I rise only to agree with the Minister. I have no comments to make on the clause, because it is an important part of ensuring that the Bill works in terms of data protection.
Amendment agreed to.
Amendments made: 32, in clause 22, page 18, line 4, leave out “disclosure or”.
See the explanatory statement to Amendment 34.
Amendment 33, in clause 22, page 18, line 5, leave out “a disclosure or processing” and insert “it”.
See the explanatory statement to Amendment 34.
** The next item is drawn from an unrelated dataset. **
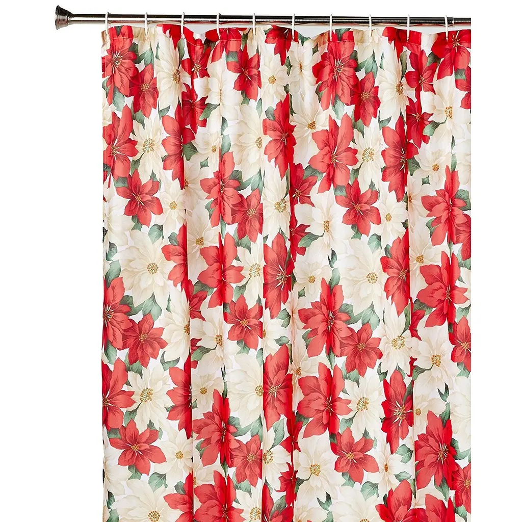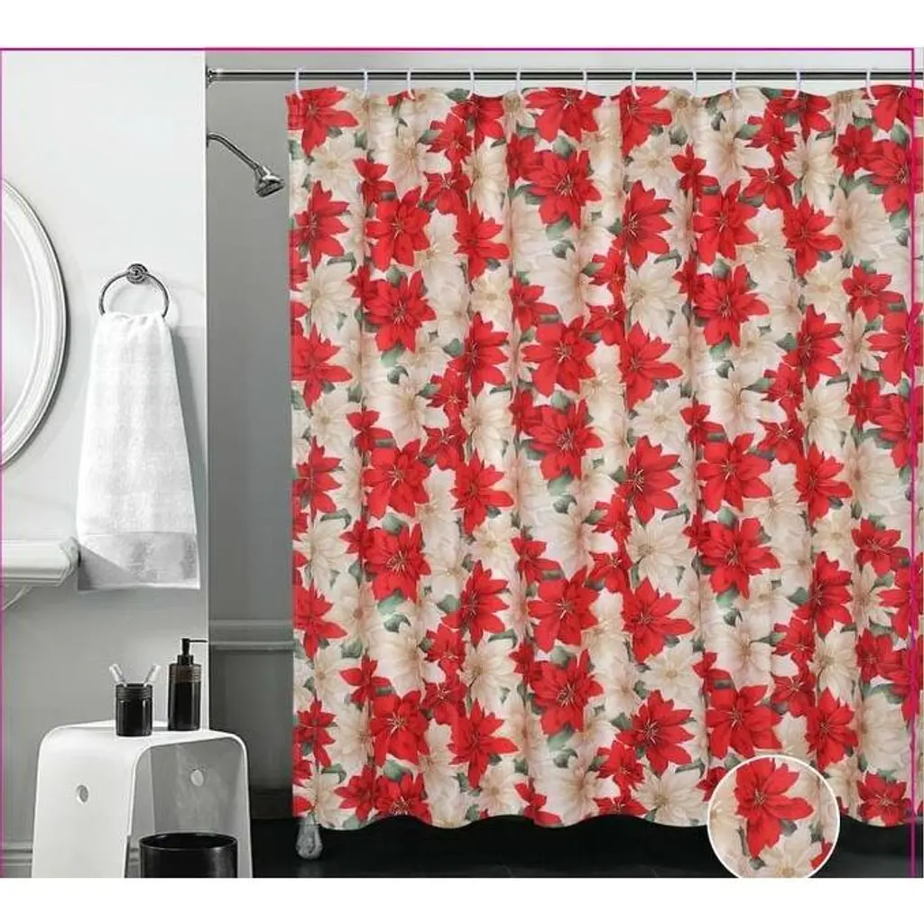 Why use a plain shower liner without any style? The festive poinsettia floral design shower curtain will enhance your bathroom with the richest Christmas decor. Update your bathroom with new shower curtains at an affordable price. Decorate your home with richness and style with this shower curtain, and augment the unique Christmas style of your bathroom in an instant! Having this shower curtain will add a touch of delight to your Christmas decor, and will bring new life to your home. The shower curtain is sure to add flavor, texture, and depth to your living space. Features an eye-catching festive poinsettia floral design that beautifully enhances any bathroom. This fresh contemporary design will surely brighten your bathroom. The edges are well sewn to protect the shower curtain from tearing, sewn reinforced holes for the rings. The 72" x 72" shower curtain is fade resistant and will retain the color much longer than cotton curtains. • 100% polyester, provides long lasting durability.• Quality, durability, decorative and festive.• 12 solid white hooks included.• Machine wash, on cold, Tumble dry on low.

Amendment 34, in clause 22, page 18, line 11, leave out “has” and insert “and ‘processing’ have”.—(Edward Argar.)
This amendment and Amendments 31, 32 and 33 give “processing” of information the same meaning as in the Data Protection Act 2018. Processing includes disclosure and other uses of information, so there is no need to refer separately to disclosure.
Clause 22, as amended, ordered to stand part of the Bill.
Clause 23
Consequential provision
Question proposed, That the clause stand part of the Bill.
I will now be even brisker: the Bill provides a new statutory framework for the victims code, so this clause will repeal the existing provisions, so that the updated statutory basis of the code is clear. That requires repealing the relevant provisions relating to the victims code in the Domestic Violence, Crime and Victims Act 2004. Once in force, these provisions will allow a new victims code made under this Bill to come into effect, and the current victims code will cease to operate.
The clause also makes sure that other relevant legislation reflects that change. This includes the Parliamentary and Health Service Ombudsman—the Parliamentary Commissioner—to accept complaints about the victims code, and the Victims’ Commissioner, given their responsibility for overseeing the operation of the code.
This part of the Bill refers to the code of practice for victims. We need to ensure that if this Bill progresses, much of what has been discussed is reflected in it as we move forward, so that it is improved for victims—because that is what this is about. It is about victims’ experiences and real lives. The vast majority of victims do not get their entitlements. We currently have a Bill that falls short of that, but I hope that together we can robustly improve it and ensure that victims’ lives and experiences are changed for the better.
I note what the shadow Minister said. While there may be areas where we disagreed as we went through part 1 of the Bill, I am grateful thus far for the positive and constructive tone adopted by Members on both sides of the Committee.
Question put and agreed to.
Clause 23 accordingly ordered to stand part of the Bill.
Ordered, That further consideration be now adjourned.— (Fay Jones.)